What the exercise asks:
Exactly retype the lines below from the one containing "De Glitsa parketlak hoogglans blank 2,5 l is een" through the end of the listing. Leave pictures out.
Start of Data section
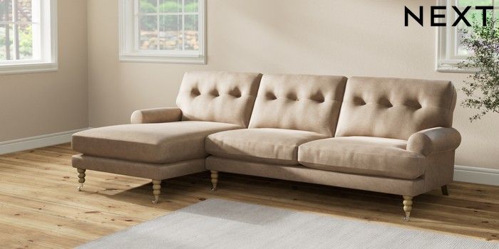7.2.10 Erin Buttoned Back Deep Relaxed Sit Medium Sofa Chaise - Left Hand Luxe Chenille Mid Camel Beige High Classic Turned Chrome Castor - Light | Made Click here to use our website with more accessibility support, for example screen readers
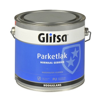 De Glitsa parketlak hoogglans blank 2,5 l is een kleurloze, waterverdunbare parketlak voor binnen. Het is een slijt- en kras vaste parketlak die geschikt is voor bescherming van je hardhouten vloeren en (lamel)parket voor normaal gebruik. Parketlak beschermt en verzorgt het hout en geeft je vloer een prachtige kleurloze glanzende eindlaag, waarbij de houtnerf zichtbaar blijft. Het is geurarm en snel droog waardoor je de parketlak probleemloos binnenshuis kunt gebruiken. De Glitsa parketlak hoogglans blank 2,5 l is niet vergelend en goed te onderhouden met Glitsa vloerreiniger en Glitsa vloerpolish, waardoor je vloer lang mooi blijft.
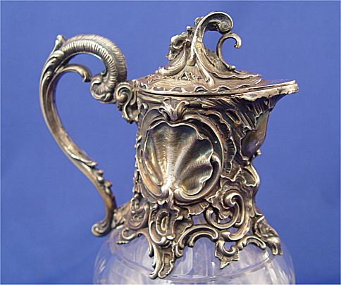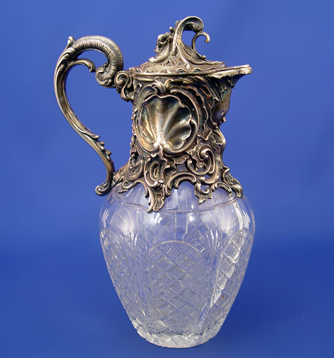 GERMAN SILVER MOUNTED CUT GLASS PITCHER: Rococo silver mounting, hinged lid, and handle. Please note the glass is cracked. 10''h.
End of Data section
Output for this exercise:
 De Glitsa parketlak hoogglans blank 2,5 l is een kleurloze, waterverdunbare parketlak voor binnen. Het is een slijt- en kras vaste parketlak die geschikt is voor bescherming van je hardhouten vloeren en (lamel)parket voor normaal gebruik. Parketlak beschermt en verzorgt het hout en geeft je vloer een prachtige kleurloze glanzende eindlaag, waarbij de houtnerf zichtbaar blijft. Het is geurarm en snel droog waardoor je de parketlak probleemloos binnenshuis kunt gebruiken. De Glitsa parketlak hoogglans blank 2,5 l is niet vergelend en goed te onderhouden met Glitsa vloerreiniger en Glitsa vloerpolish, waardoor je vloer lang mooi blijft.
 GERMAN SILVER MOUNTED CUT GLASS PITCHER: Rococo silver mounting, hinged lid, and handle. Please note the glass is cracked. 10''h.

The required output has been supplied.